The current acquisition pipeline for visual models of 3D worlds is based on a paradigm of planning a goal-oriented acquisition – sampling on site – processing. The digital model of an artifact (an object, a building, up to an entire city) is produced by planning a specific scanning campaign, carefully selecting the (often costly) acquisition devices, performing the on-site acquisition at the required resolution and then post-processing the acquired data to produce a beautified triangulated and textured model. However, in the future we will be faced with the ubiquitous availability of sensing devices that deliver different data streams that need to be processed and displayed in a new way, for example smartphones, commodity stereo cameras, cheap aerial data acquisition devices, etc.
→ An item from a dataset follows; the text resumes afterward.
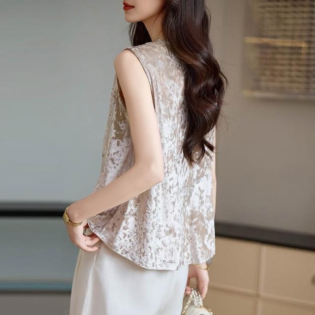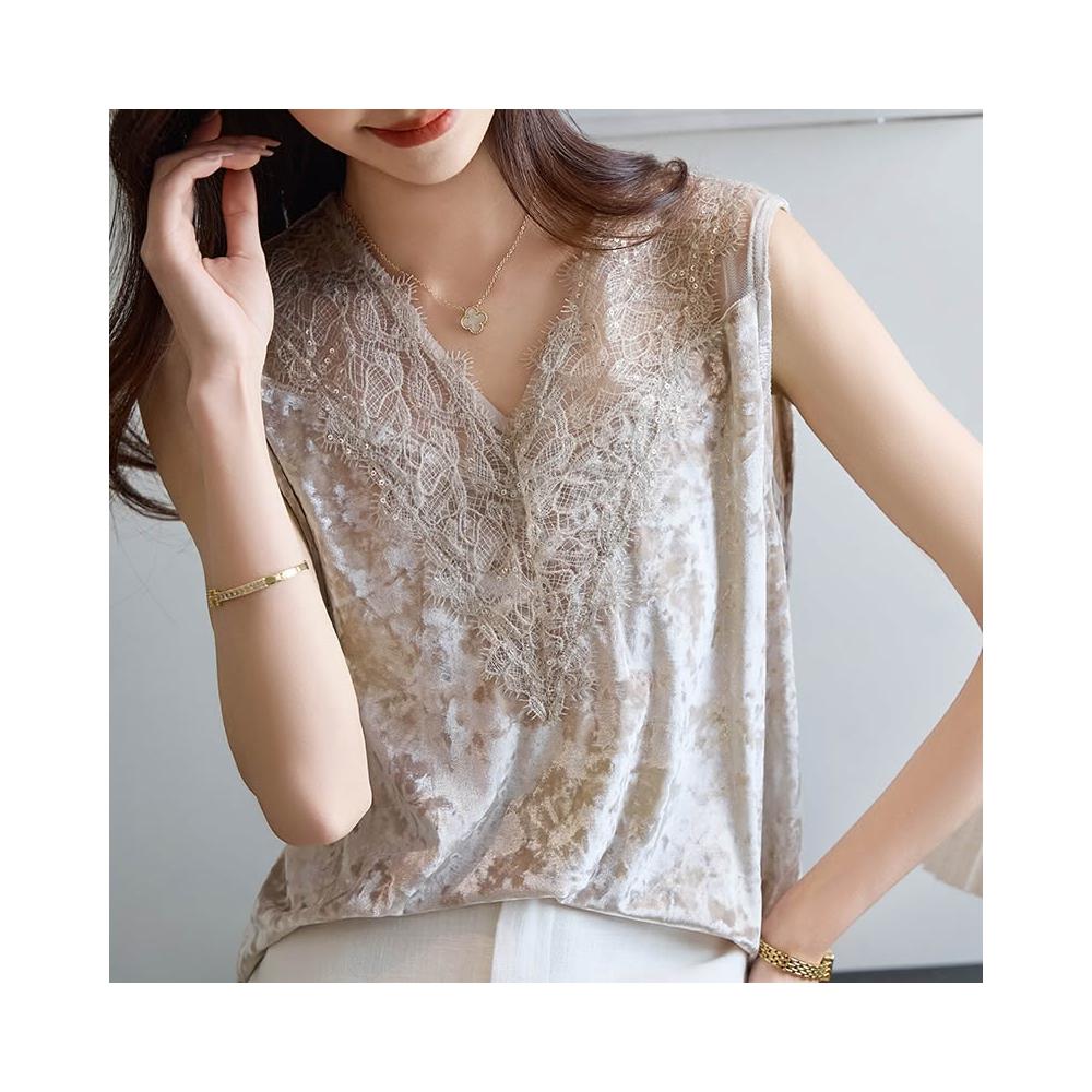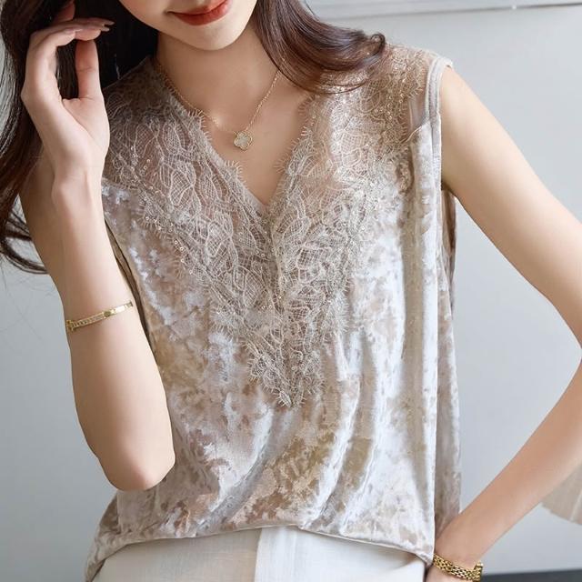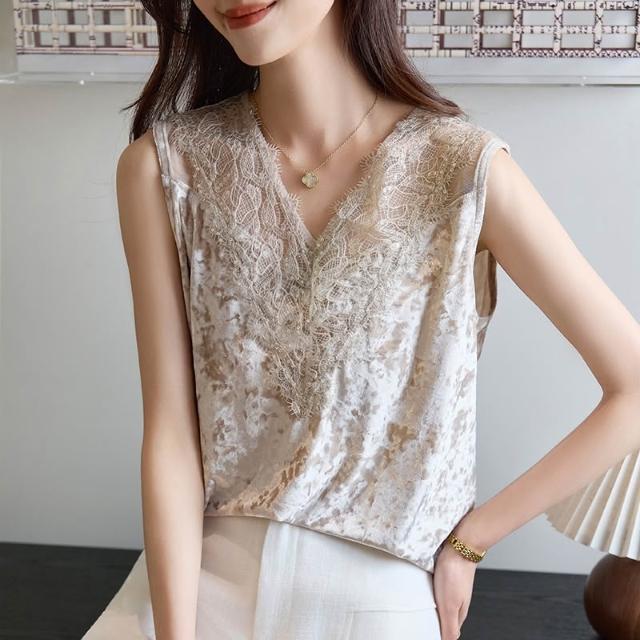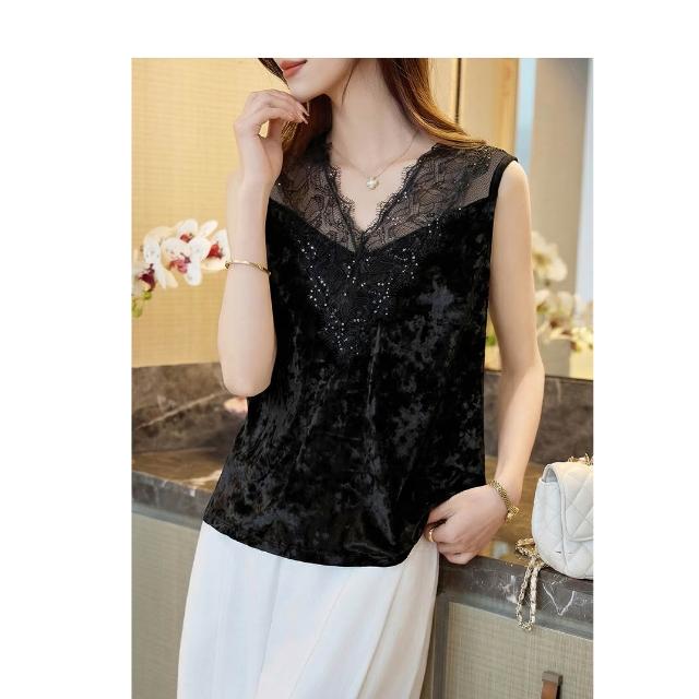 素行紀元v領純色真絲絲絨背心女桑蠶絲亮片蕾絲性感無袖打底衫上衣H

We therefore propose a radical paradigm change in acquisition and processing technology: instead of a goal-driven acquisition that determines the devices and sensors, we let the sensors and resulting available data determine the acquisition process. Data acquisition might become incidental to other tasks that devices/People to which sensors are attached carry out. A variety of challenging problems need to be solved to exploit this huge amount of data, including: dealing with continuous streams of time-dependent data, finding means of integrating data from different sensors and modalities, detecting changes in data sets to create 4D models, harvesting data to go beyond simple 3D geometry, and researching new paradigms for interactive inspection capabilities with 4D data sets. In this project, we envision solutions to these challenges, paving the way for affordable and innovative uses of information technology in an evolving world sampled by ubiquitous visual sensors.

Our approach is high-risk and an enabling factor for future visual applications. The focus is clearly on Basic research questions to lay the foundation for the new paradigm of incidental 4D data capture.

DFG Research Training Group

Cooperative, Adaptive and Responsive Monitoring in Mixed Mode Environments (GRK 1362)

The DFG-funded Research Training Group addresses fundamental scientific and technological challenges arising from the collaboration of networked autonomous entities that accomplish a common task through actively monitoring the environment and through requisite responses via a variety of stationary and mobile sensors/actuators. The sensing/actuating entities (and the collaborative system thus formed) monitor, acquire, manage and disseminate data with the goal of deriving higher level (context/event) information upon which the system can respond appropriately.

Funding duration: 2006 – 2015

Microsoft Research Scholarship Program

Microsoft Research provided a PhD scholarship to Uwe Schmidt.

Project partners: Microsoft Research Cambridge
Funding duration:
2011 – 2013

German Ministry of Education & Research (BMBF)

Sicherheits-Untersuchungen mittels Röntgenbild-Analyse (SICURA)

This project was concerned with the automatic detection of objects in multiple-view x-ray images.

Project partners: Smiths Detection, U Kaiserslautern, U of Applied Sciences Rhein Main, U Frankfurt
Funding duration: 2010 – 2013

German Research Foundation (DFG)

Heinz Maier-Leibnitz-Prize

Funding duration: 2012

Adolf Messer Foundation

Adolf Messer Prize

Funding duration: 2011